Ils trouvent sur leur siège un pot de miel et un foulard fait pour être enfilé sur le masque chirurgical, désormais obligatoire partout, histoire de le rendre « fashion » et plus joyeux.
Les imprimés abstraits rouge et vert sur du blanc sont comme délavés, de même que les coquelicots et hortensias, sur les tenues.
« Le monde se chagrine tout comme les fleurs trop délicates sur les imprimés », souligne Felipe Oliveira Baptista qui a fait de ce défilé « une ode aux abeilles », « protectrice et rassurantes ».
A l'opposé de la protection totale, un autre look moulant avec un body couleur chair incite à se sentir à découvert et à « oser devant le danger ».
Même en temps de pandémie, Kenzo veut rester fidèle à son ADN, synonyme de la fête.
Bleu électrique, jaune, rouge, des rubans sur des jeans invitent à la décontraction comme des sandales plates et des sacs seaux qui se prolongent en bas avec des conteneurs en tissu fleuri assorti aux tenues.
« Décompression »
La styliste allemande Marie-Christine Statz, fondatrice de la marque parisienne Gauchere, a invité l'artiste John James à jouer du tambour en transformant ainsi son défilé en « une cérémonie de décompression » pour permettre aux convives de mieux se concentrer sur l'expérience.

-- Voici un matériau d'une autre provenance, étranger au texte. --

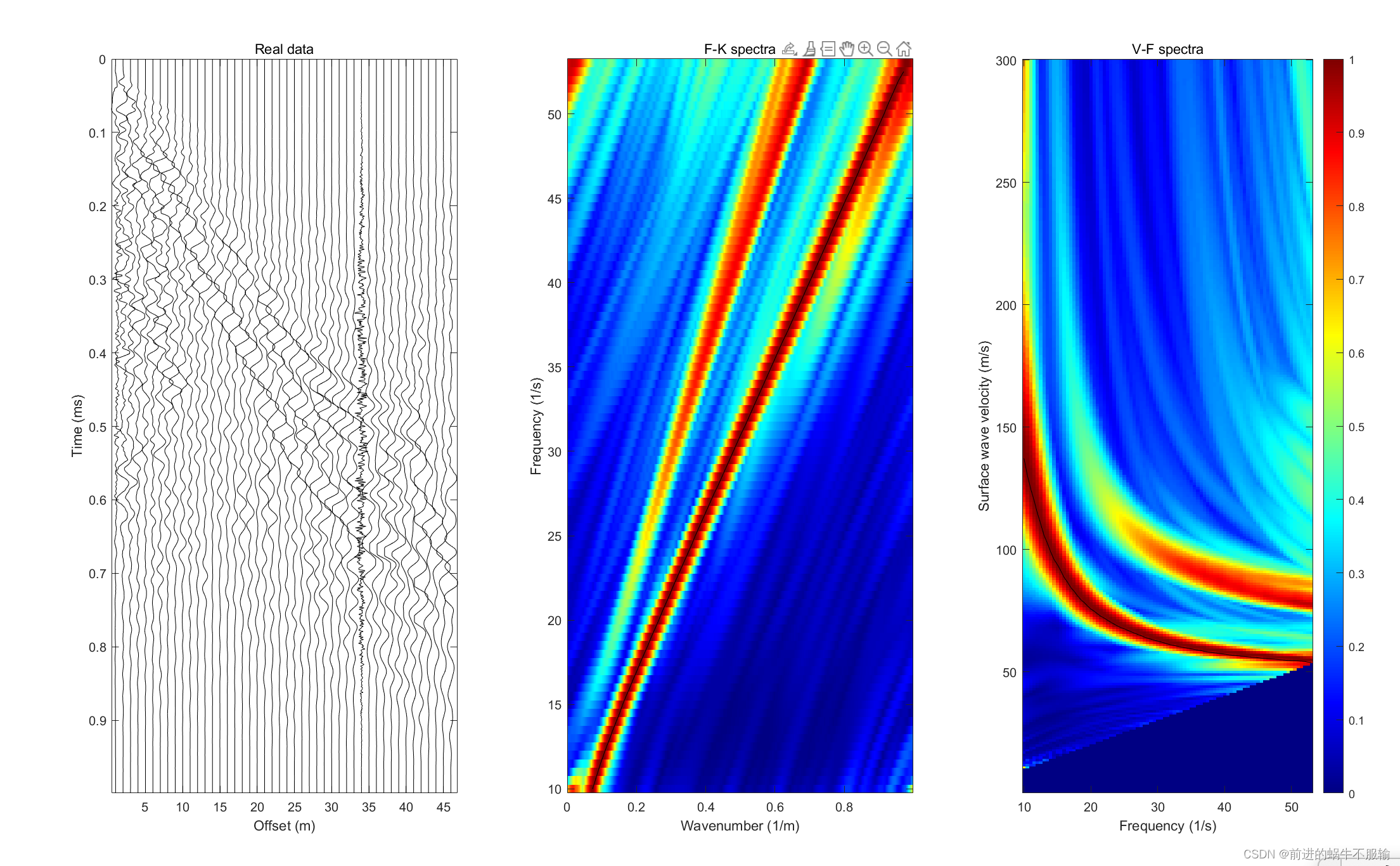 下面是加入了滤波效果,面波能量的聚集效果改善了很多:

« Par ces temps inhabituels, regarder une chose à la fois, écouter un son à la fois et laisser une expérience de résonner » est l'inspiration phare de la créatrice, selon une note d'intention de défilé organisé dans un espace blanc.

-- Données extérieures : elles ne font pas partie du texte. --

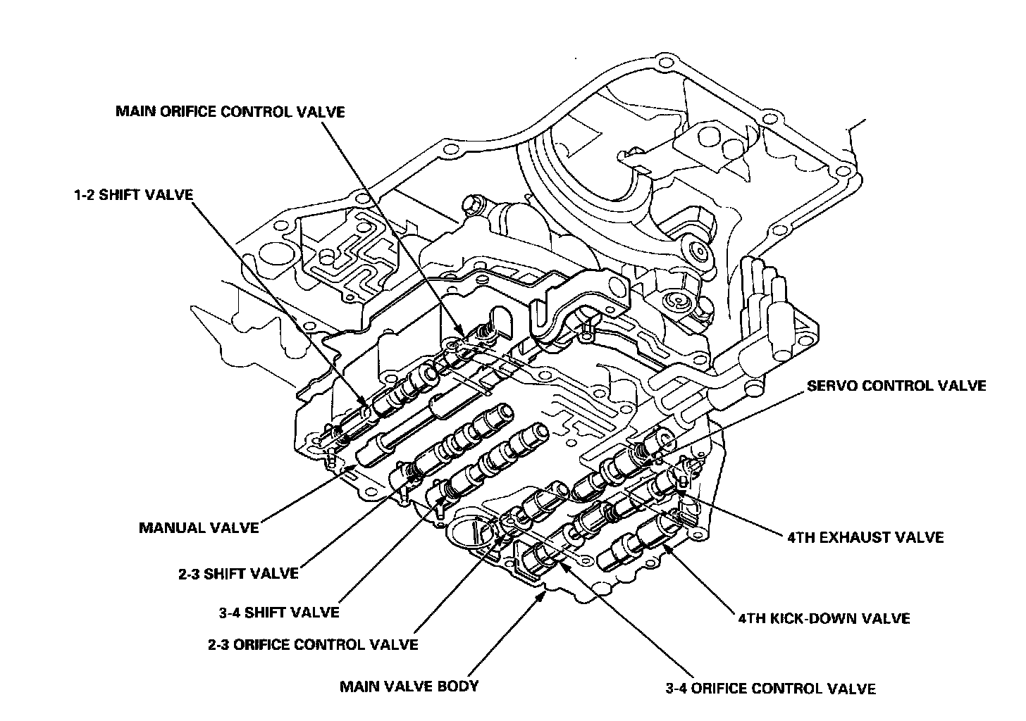 The main valve body houses the manual valve, the 1-2 shift valve, the 2-3 shift valve, the 3-4 shift valve, the main orifice control valve, the 2-3 orifice control valve, the 3-4 orifice control valve, the 4th kick-down valve, the 4th exhaust valve, and the servo control valve. The primary functions of the main valve body are to switch fluid pressure on and off and to control the hydraulic pressure going to the hydraulic control system.

Dans sa collection habillant la femme puissante moderne, elle fait la part belle au tailleur-pantalon monochrome et à la silhouette cintrée avec des épaules larges pour les vestes et les robes.
Cette saison, elle rajoute au blanc et noir, des nuances plus douces de brique, terre, bleu pierre ou kaki et crée des volumes supplémentaires.
« Prendre soin de soi »
« Lignes sensibles »: la maison du luxe française Hermès qui défile samedi a présenté mercredi une collection de haute joaillerie dessinée par Pierre Hardy, des formes souples et légères qui épousent le corps.
« Je suis parti de ce qui se passe entre le corps et le bijou, comment le bijou peut revenir à la rencontre du corps ou en prendre soin », a déclaré le créateur.
La collection a été présentée dans une salle noire, qui s'éclairait légèrement au cours de la projection du film mettant en scènes des femmes parées de ces bijoux, dans des vêtements simples et au bord de la mer.
Graphiques ou fluides comme un collier ou un bracelet en or et diamants, ces pièces sont « des manifestations en pierres et or » des émotions ou des gestes et se fondent avec la peau.
« Traditionnellement, le bijou était quelque chose fait pour les autres, un marqueur, un signe hiérarchique, de pouvoir. Aujourd'hui, on est très loin de cela. Les femmes ont un rapport très personnel avec les bijoux d'où les formes qui épousent », souligne le créateur.